The piece consists of a large upholstered armchair connected by a cord to a spherical ottoman. The form is rounded and exaggerated: wide armrests, deep curves, and a silhouette that feels closer to sculpture than to conventional seating. Sitting in it is comfortable enough, but the object never fully disappears into the room the way most furniture does. Its shape immediately suggests a body—something soft, weighted, and slightly off-balance.

Pesce was quite open about the reference. The chair, he said, was intended to evoke the female figure, while the attached sphere represented a ball and chain. The metaphor was blunt by design. At the end of the 1960s, debates about gender roles and social expectations were becoming increasingly visible in public life, and Pesce wanted the object to reflect that tension. The UP5 chair therefore carried a symbolic dimension unusual for furniture: it placed an image of constraint directly inside the domestic interior. The visual language of the chair reinforces this reading. Its proportions recall prehistoric fertility figures—the kind of small sculptures in which hips and torso are emphasized through exaggerated volume. Pesce translates that ancient vocabulary into polyurethane foam and stretch fabric, turning what might have been a purely sculptural reference into a piece of industrial design.
The manufacturing process also contributed to the chair’s notoriety. The UP series was produced using expanded polyurethane foam and shipped in a compressed state. Vacuum packaging allowed the chair to be flattened for transport; once the packaging was opened, the foam gradually returned to its original shape. For the buyer, unpacking the chair meant watching it slowly regain its volume. What arrived in the living room was not just an object but a brief transformation—from compressed industrial product to a fully formed piece of furniture. This technical aspect mattered because Pesce was interested in challenging the idea that industrial production had to result in uniform, neutral objects. The late-modernist interior often aimed for visual control and clarity. Pesce, by contrast, seemed comfortable with objects that were expressive, even slightly awkward. The UP5 chair does not attempt to refine its bodily associations into abstraction. The metaphor remains visible in the form itself.
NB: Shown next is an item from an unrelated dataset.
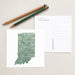 This is a POSTCARD of Indiana from my "Urban Fabrics" Map Collection in "GRASS" - wispy strokes evoke blades of grass, with pink and gold interwoven.

More than fifty years later, the piece remains one of the most recognizable works of late-1960s Italian design. Part of its longevity comes from its ambiguity. Some viewers read the chair primarily as a critique of social structures that restrict women’s freedom. Others see it as a provocative but uneasy image of the female body within domestic space. The object never fully settles into one interpretation. That uncertainty is part of what keeps the chair from becoming entirely comfortable as a design classic. It occupies an unusual position somewhere between furniture, sculpture, and visual commentary. Even today, placed in a living room or museum gallery, the object retains a slightly disruptive presence—soft in material, but conceptually difficult to ignore.